Do you have any estimate on what you call 'negative effect', please?

Ok, back to the reality :-)
Filling a string of 65K 16bit chars (which is much longer than the real
strings) takes about 0.00001s even on a slow Pentium *M* / 1.7 GHz.
This is far from the 'effect'.
The time is somehow O(n) - filling of a string with 65M chars
(which in fact is 128M bytes) takes 0.14s.
On powerful server-class boxes the numbers will be even lesser.

Taking even these numbers into account, the effect is near-zero.
On an app playing with 128Mb thingies, the thread suspension time is
far from dominating or even significant. It will spend much more on
allocations, collections, accesses to these, etc.

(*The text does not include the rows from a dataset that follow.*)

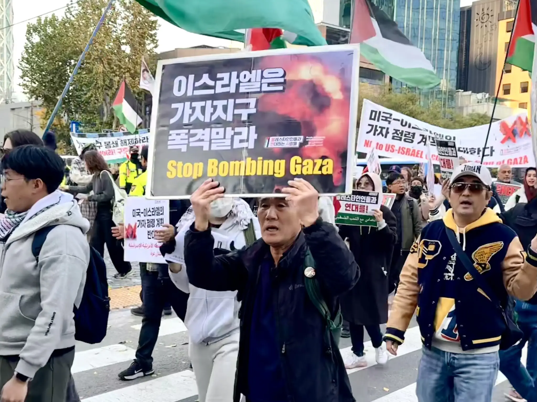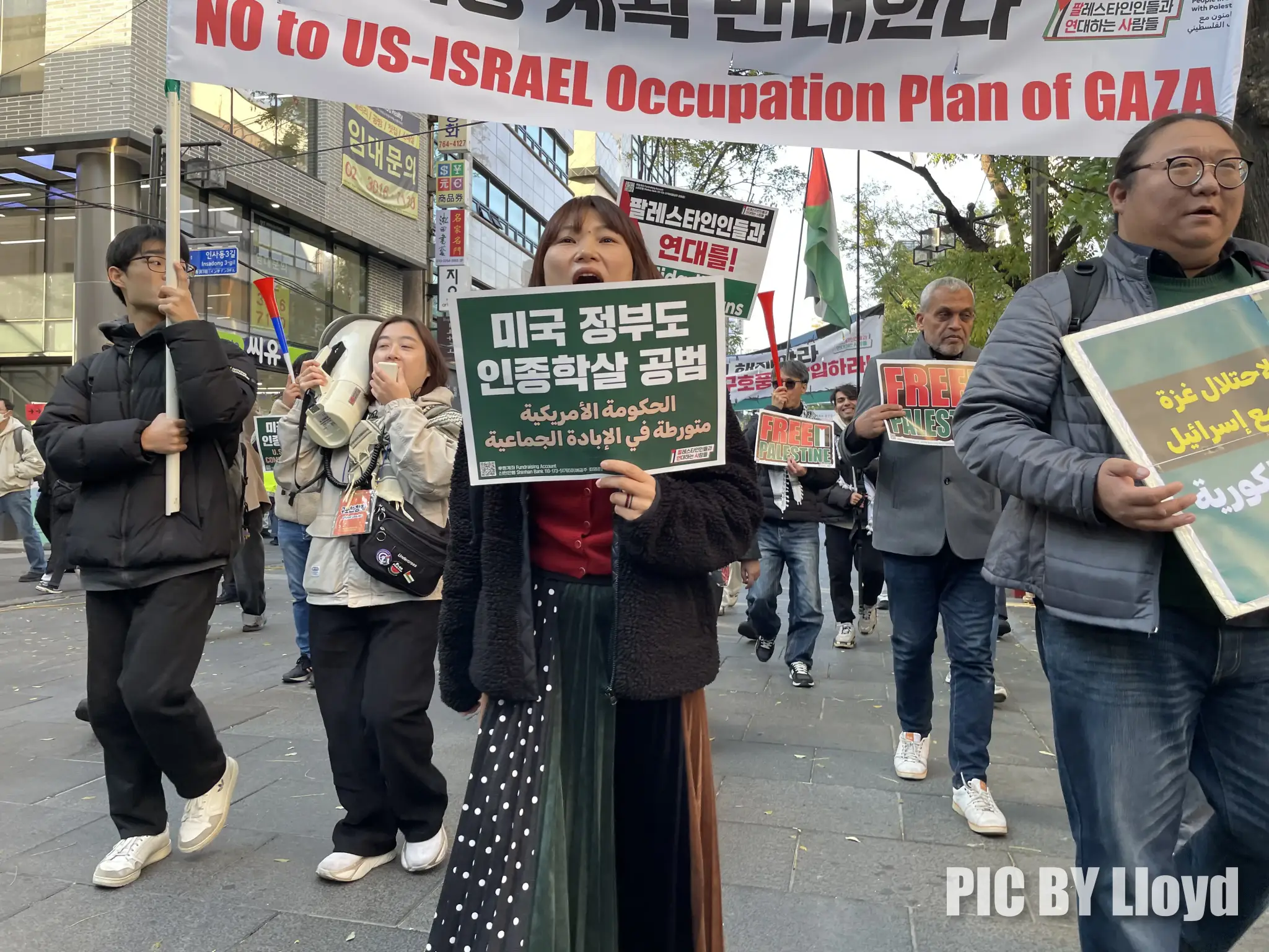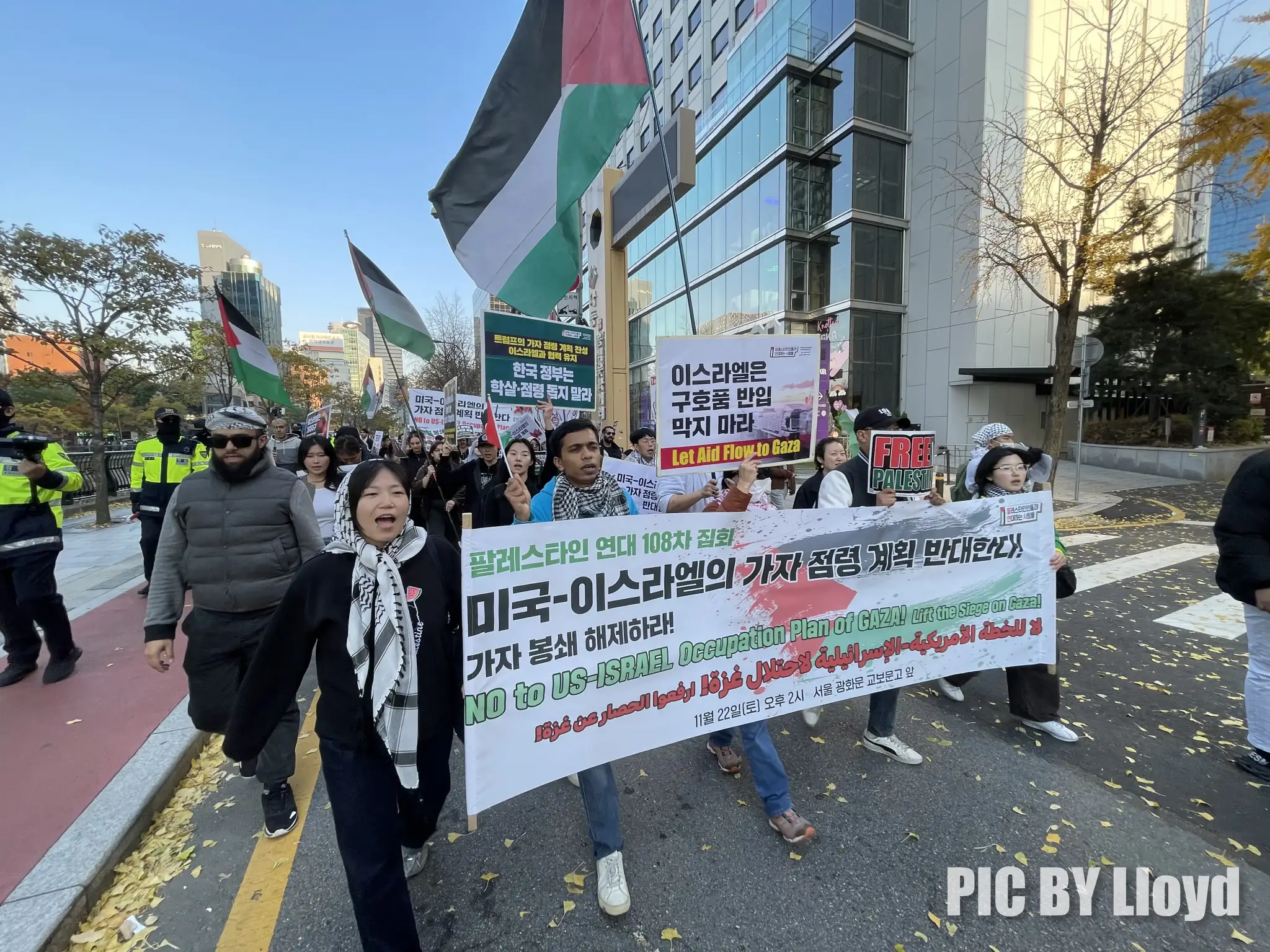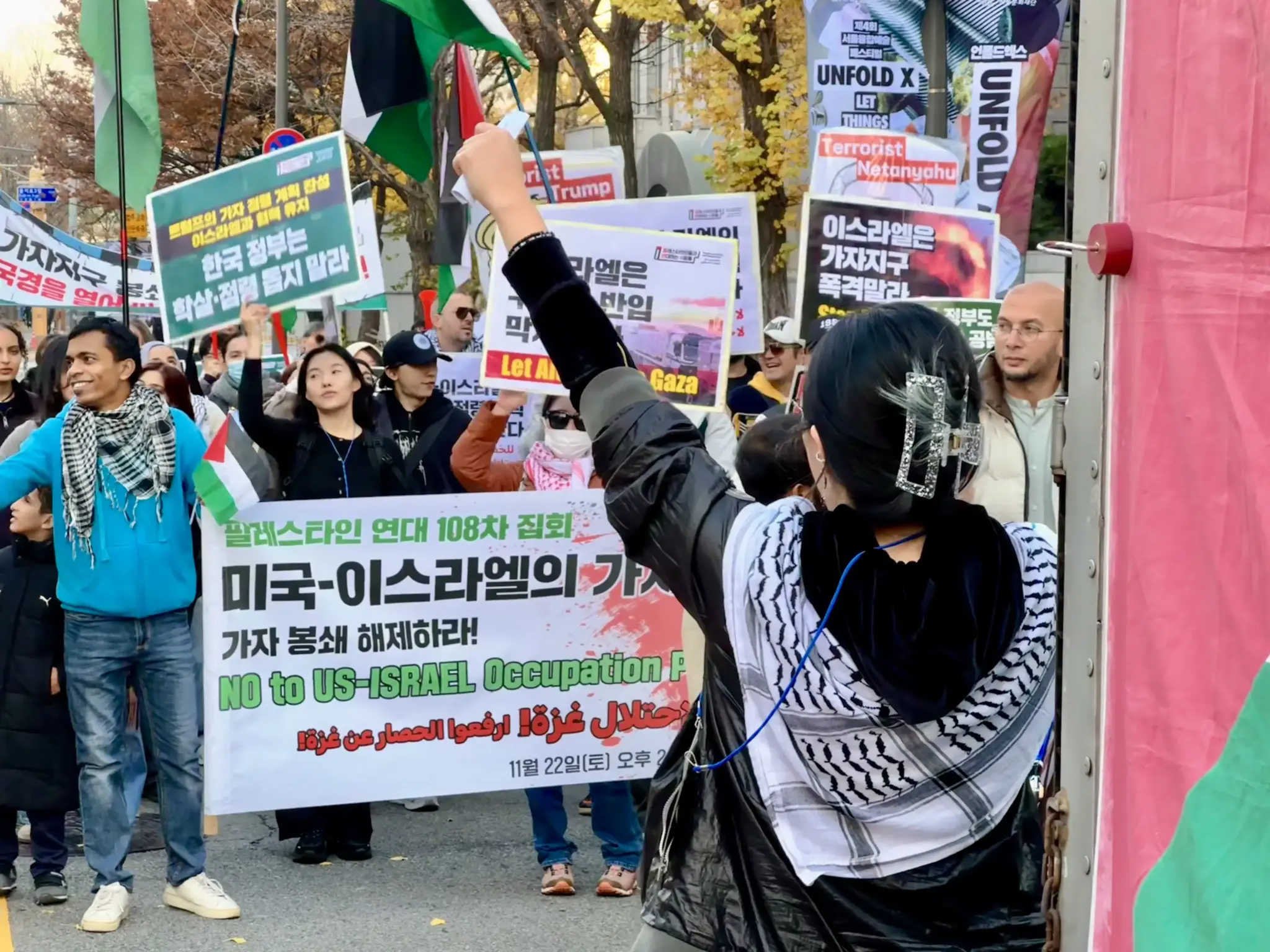 👣 The police initially banned the march by ‘People in Solidarity with Palestinians’ (PSP) on Insadong street. However, thanks to the support of MINBYUN–Lawyers for a Democratic Society, our injunction was upheld, allowing us to march through Insadong street without legal restrictions.
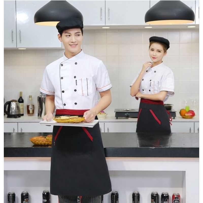 Kitchen.Official Baju Kameja Koki Chef Jacket Lengan Pendek Seragam Masak Unisex Pria Wanita
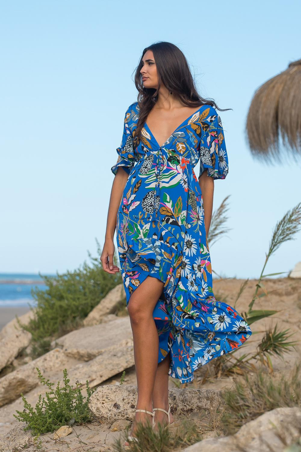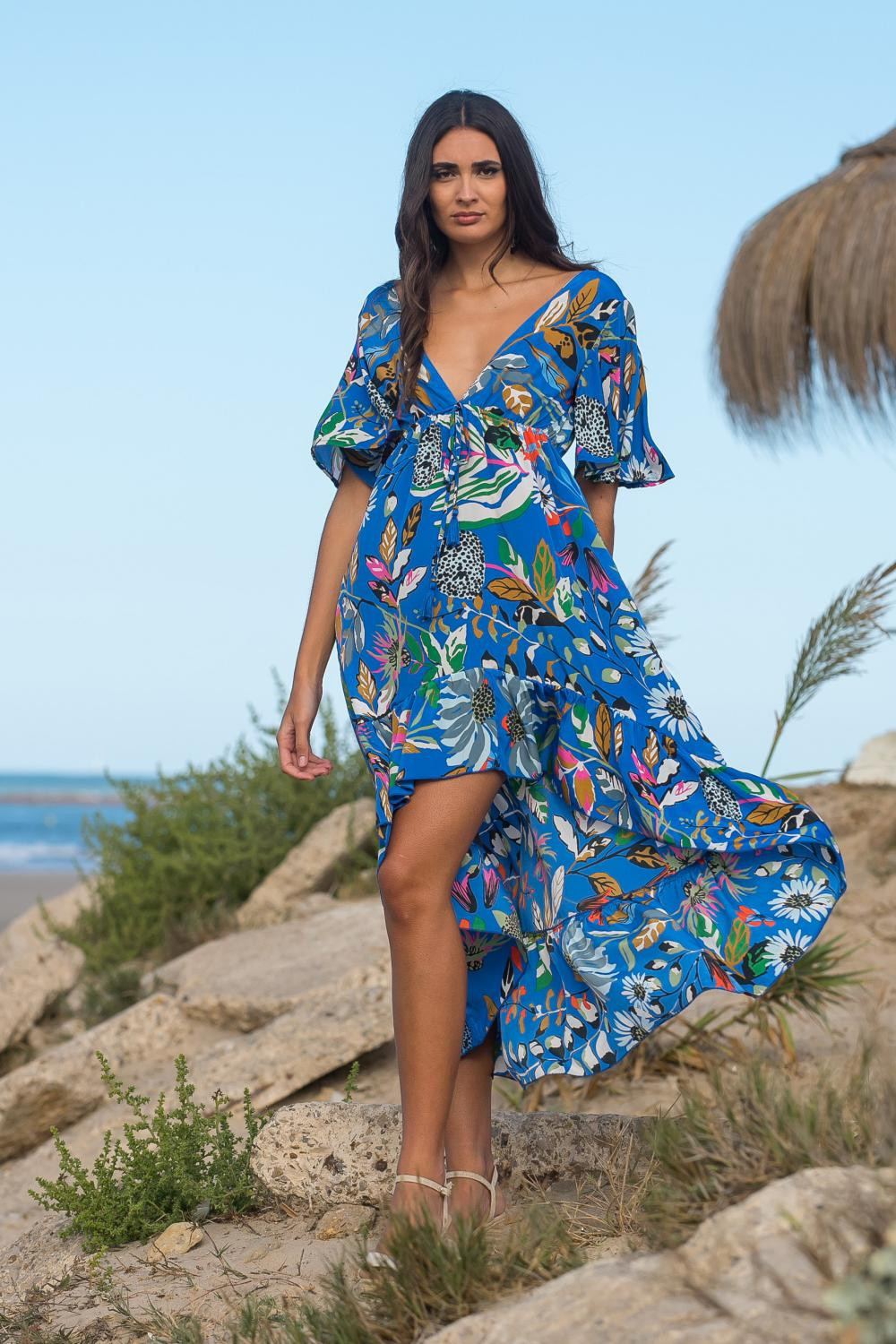 Vestido estampado Azul con flores y margaritas, escote y espalda en pico, cintura fruncida , volante en el bajo, largo desigual más corto por delante
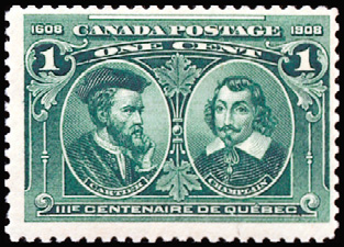 最初の切手/居住国カナダ最初の切手(1908年、カナダ発行)=右
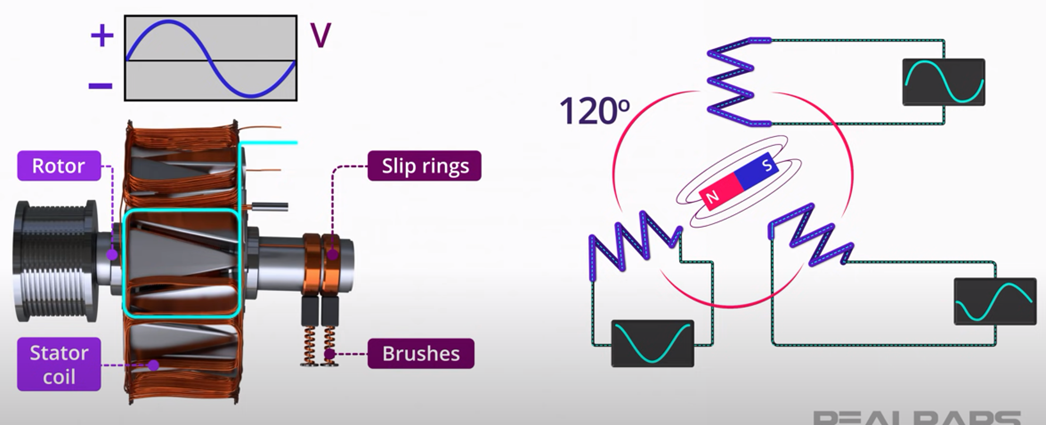 알터네이터 Rotor (회전자) - Stator (고정자) 내부에는 3개의 코일이 120도 간격으로 감겨 있으며, Rotor가 회전하게 되면 120도의 위상을 가지는 3상 AC 전압이 Stator에 유기된다.

>>>>> do not kill each other. And tuning parameters for geneting algorithm
>>>>> to choose non-obvious heuristics.
>>>>>
>>>>>> Throwing away the BBP is one of the goals for the optimization...
>>>>> loop finiteness is easily detected in this case. And I would prefer
>>>>> more general algorithms that optimize a variety of situations. This
>>>>> specific optimiztion detects only one specific case, has a lot of code
>>>>> and not properly tested. Are we still targeting on stability?
>>>> Hmmmm.... Could you please be more specific? 'lot of code' is kind of
>>>> emotional characteristic. :-)
>>>>
>>>> What makes you think it was not tested properly?
>>> no tests in JIRA
>> There are many other tests performed during a feature preparation.
>> These include 'build test', mini- and other benchmarks and other apps.
>>
>> Also, as you see your quick-look presumption about missed OutOfBounds
>> check was also incorrect - all the existing machinery is still on place.
>> But if you have any suggestion on better testing in general, then it's
>> always welcome.
> 
> I have a suggestion to reflect testing efforts in JIRA Reasonable? I
> think, yes.  Unit tests al ALWAYS welcome. Specific corner cases are
> always welcome to test. I doubt 'build test' and other benchmarks and
> other apps test fillArray in a good way. If somebody invented new
> microbenchmarks to test on, they should be in JIRA.
> 
> Makes sense?

Yes, all of these sounds reasonable.
I was just mistakenly dazzled by the categorical claim that the
optimization 'was not tested properly' - sorry about that.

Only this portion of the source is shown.